その後、この貯水池通いが病みつきになった。午前の診療が終わると昼食もとらずに池に向かった。
雨の日も、傘を差して通った。セキレイが、ウグイスが、私を迎えてくれた。お出迎えの中に、夕張メロン色、オレンジ色の胴体の小鳥がいた。ヤマガラだった。この鳥は、とりわけ人懐こかった。よく私の期待に応えて姿を見せてくれた。
通い始めの頃は、入口近くの、見通しのよい広場で送迎してくれた。しばらく通うと、樹林の中でも姿を現すようになった。柵の上にチョコンと止まって、近付くと、近くの木にヒョイと身を移した。更に通うと、頭上の木の枝ではあったが逃げなくなった。

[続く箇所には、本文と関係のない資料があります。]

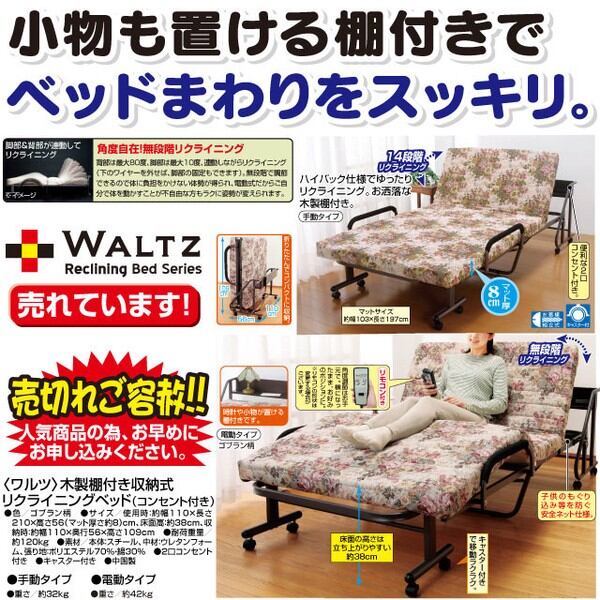木製 棚付き 収納式 リクライニングベッド (手動タイプ 電動タイプ) (ゴブラン柄) / 家具・インテリア 寝具

しかし、楽しい日々が終わる日が来た。いつもの場所に近付くと、ヤマガラは柵の上に止まって待っていた。いつものように歩を進めた。だが、その日はヤマガラは移動しなかった。2メートルも離れていない柵の上に止まって、私をじっと見たままだ。私は、歩みを止めずに傍を通り抜け、後ずさりで歩を進めた。
折り返し点まで行っての帰り道、さっきの場所に戻ってきた。ヤマガラがいない。「なんだ、お見送りはなしかよー」と内心がっかりしながら、私は頭上をきょろきょろ見ていた。いつの間にか、柵のそばに立っていた。ふと、下を見た。ヤマガラは、柵に止まっていた。思いも掛けないヤマガラの近さに、私はびっくりした。「わあっ!!」と声まで出してしまった。ヤマガラもびっくりして、パニック状態で飛んでいった。終わった。その後も通ったが、しばらく怒ったような鳴き声は聞こえたが、ヤマガラは二度と姿は見せなかった。
春が来た。遊歩道の桜は美しい。若葉も美しいが、木洩れ日、池面からの反射光も加わり更に美しい。夏は暑さもあり、行っていない。
また、秋が来た。お昼休みの散歩を再開した。紅葉がきれいだ。島の鳴き声はするが、姿は見えない。通ううちにちらほら鳥が姿を見せるようになった。
遊歩道の帰り口間際、鳥が目の前を横切った。頭上を見上げると、2羽、枝に止まっていた。1羽の姿ははっきり見えた。夕張メロン色の胴体をしたヤマガラだ。体はスリムで小ぶりだ。昨年、枯葉の中でゴソゴソしている子どものヤマガラを確認していた。たぶん2世だ。私は、後ろ歩きで遊歩道を後にしたが、ヤマガラはその姿が見えなくなるまで樹上にいた。帰り道、私はうれしくてうれしくてたまらなかった。
「帽子の上にチョコン」。親鳥とは叶わなかったが、この若いヤマガラとは実現したいと夢見ている、還暦間近の私である。